Hermanus Numan
Ezinge 1744-Amsterdam 1820
Rupelmonde near Nieuwersluis
SOLD

PROVENANCE: Stamped 'Strhnz Leipzig' (unidentified collectors mark, verso.1) Inscribed on the verso of the mount In het Album./ van den Hoogmelgeboren Heer Jonkheer/ G: J: Beeldsnder/ van Znen Dienaar & Kiend!/ G: J: van Klinkenberg.2

Signed with initials in the left hand corner H:N:

Black chalk, pen and brown ink and watercolour, pen and brown ink framing lines

134 x 188 mm. (5 x 7 3/8 in.)

SOLD

Engraved:

H. Numan, Vierentwintig Printtekeningen met couleurem, verbeeldende Hollandsche buitenplaztzen, met derzelver beschrijvingen. Amsterdam, 1797, plate 7

Together with Aert Schouman and Juriaan Andriessen, Hermanus Numan must be numbered as one of the best Dutch watercolourists pur sang who were active in the eighteenth century, according to Robert-Jan te Rijt3. According to Niemeijer: Numan was unquestionably one of the most accomplished watercolourists of his day.4

Hermanus Numan worked as a painter, draughtsman and etcher of landscapes, and to a lesser extent portraits. He grew up in the Northern city of Groningen where his family ran a shop which produced lacquered and painted tinware. He learnt decorative painting under Johannes Franciscus Franc, and later in Haarlem was apprenticed to Jan Augustini. Numan was accompanied by Egbert van Drielst. After four years he returned home to work on portrait commissions. In about 1768 Numan went to Paris to finish off his studies, under the financial support of Petrus Camper. In France he worked under Hall, and was also taught by Jacques-Philippe Le Bas. In 1771 he returned to Groningen before settling in Amsterdam, where he enrolled in the Drawing Academy. Whilst in Amsterdam Numan painted portraits and worked with Juriaan Andriessen on stage sets for the new Playhouse, and gave drawings lessons to amateurs.

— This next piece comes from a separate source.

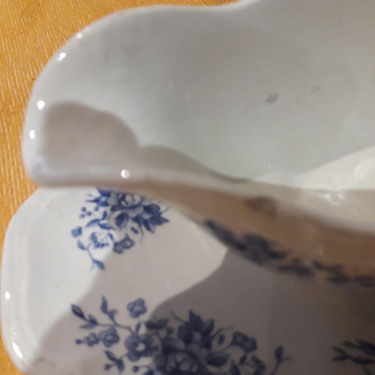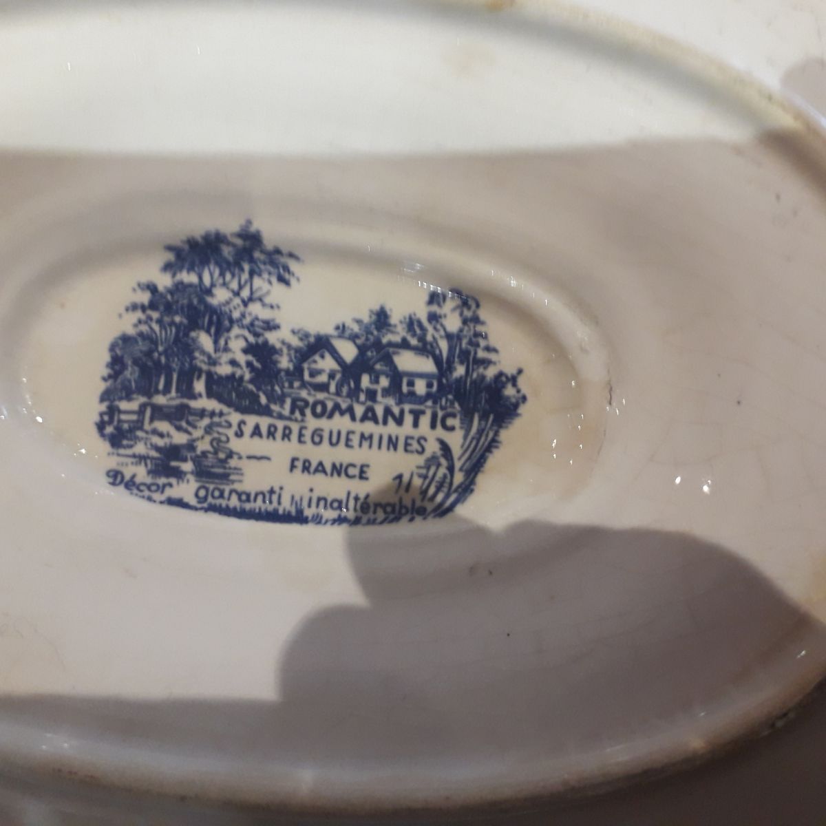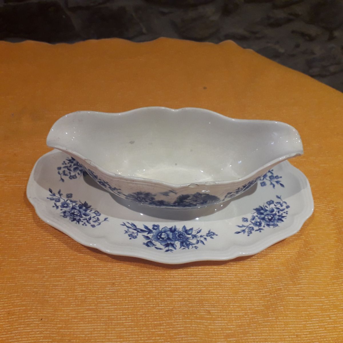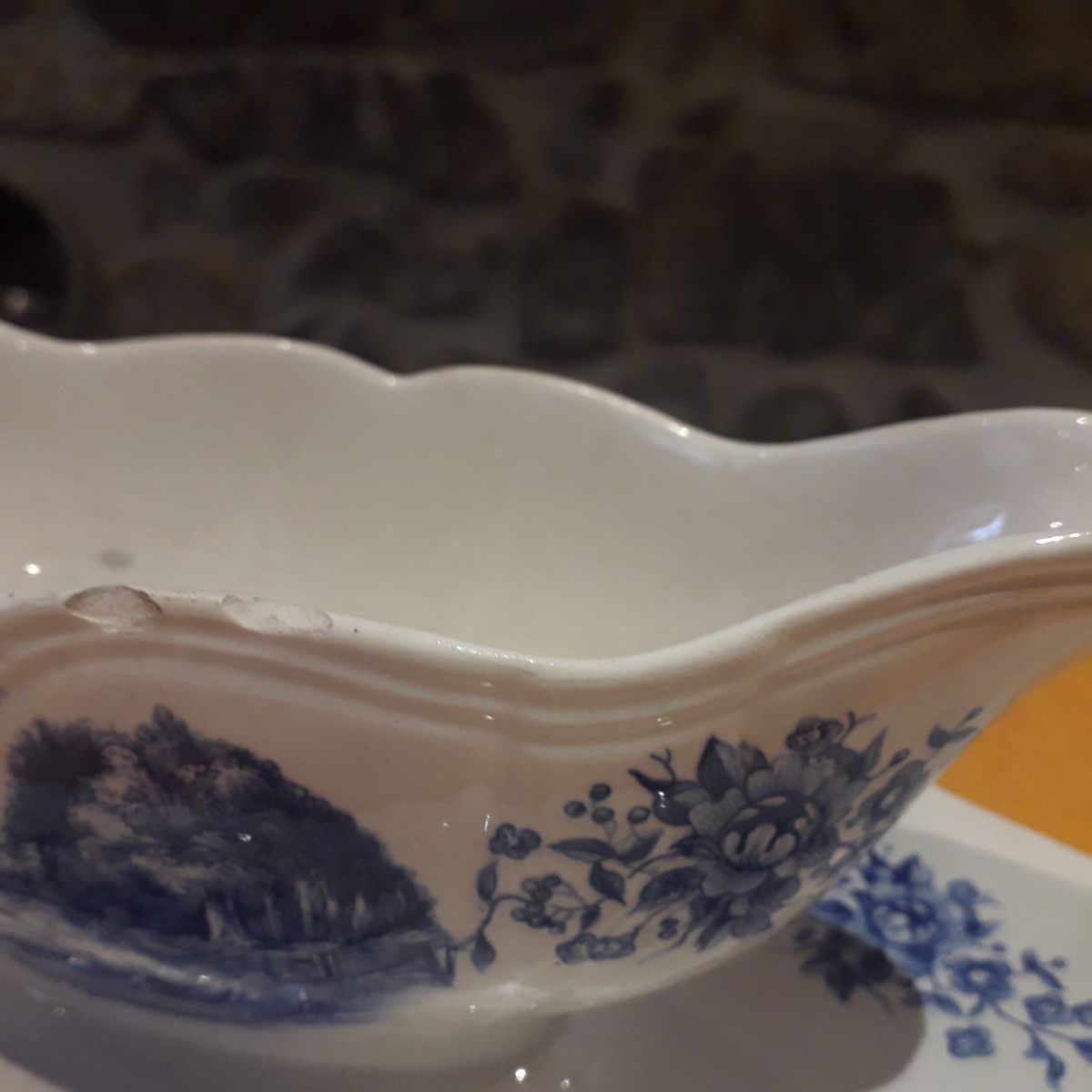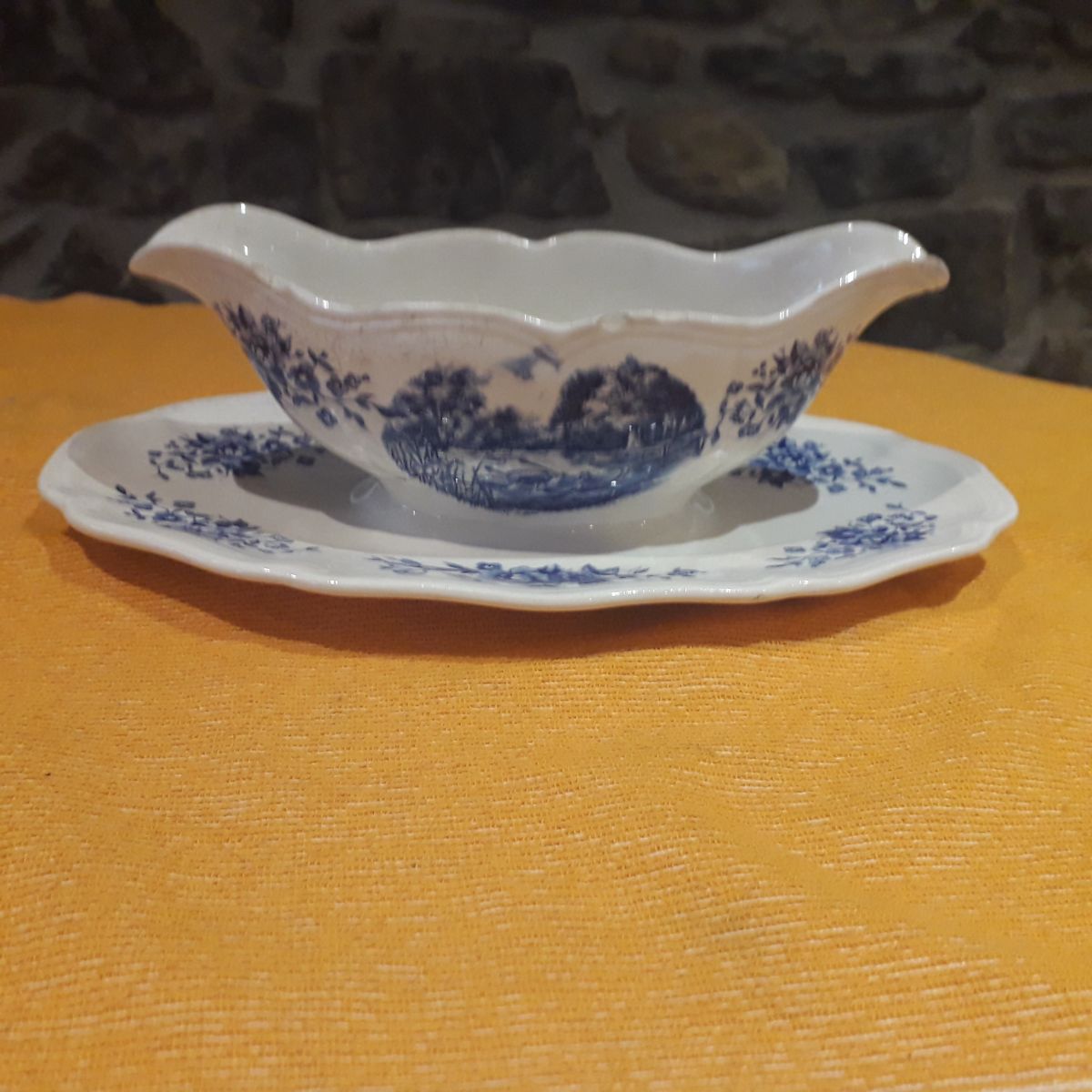 Jolie saucière ancienne en porcelaine avec son dessous accroché. Style romantique. Ébréchée à plusieurs endroits en raison de son grand âge! Motif fleurs et bord de rivière avec barque.

The present watercolour is one of the rare examples by Numan on the market which have been engraved for this important publication [Figure 1], Vier-en-twintig printtekeningen (Twenty-Four Print Drawings), that he drew between 1793 and 1797, which has been recently discussed by Drs Munnig Schmidt5. Drs Munnig Schmidt has confirmed the attribution of the present watercolour to Hermanus Numan. According to Robert-Jan te Rijt, who discussed this group of etchings and watercolours in the influential exhibition in 1997, These handcoloured line etchings all depicted recently modernized estates and gardens. In the accompanying text, too, Numan showed himself to be a fervent advocate of the new style in gardens, greeting all the landscape and architectural innovations with enthusiastic praise. In his prospectus Numan had already announced that the modern taste in the construction of country houses in our country is just as charming, just as natural and unconstrained as in other nations. With this publication, Numan breathed new life into the once so popular country and topographical genre. In his drawings, as in the parks themselves, it was not the architecture which played the leading role, but rather the interplay of architecture and nature.6

1.Rhea Blok has commented that this collectors mark appears on Dutch, Flemish and German 19th Century drawings, written communication 24th September 2009.

2.Drs Munnig Schmidt has kindly pointed out that the inscription must refer to Jhr.G.J. Beeldsnijder van Voshol who owned Rupelmonde from 1818-1829.

3.Amsterdam, Rijksmuseum, exhibition catalogue with entries by Wiepke Loos, Robert-Jan te Rijdt, Marjan van Heteren, On Country Roads and Fields. The Depiction of the 18th and 19th Century Landscape, 28 November 1997-3 March 1998 under note 20.

4.J.W. Niemeijer, Eighteenth Century Watercolours from the Rijksmuseum Printroom, Amsterdam, Virginia, 1993, p. 108.

5.Drs E. Munnig Schmidt, Hoffwerk, Over Holland en Rupelmonde door Hermanus Numan (1744-1820) getekend in Jaarboekje 2001,Van Het Oudheidkunidig Niftarlake, pp23-9.

6.Amsterdam, Rijksmuseum, loc cit, 1997. The watercolour The country house Hofwerk on the river Vecht near Breukelen [entry number 20], which is in the Amsterdam Historisch Museum, measures 171 x 234 mm is very close in size, format and technique to the present watercolour of Rupelmonde.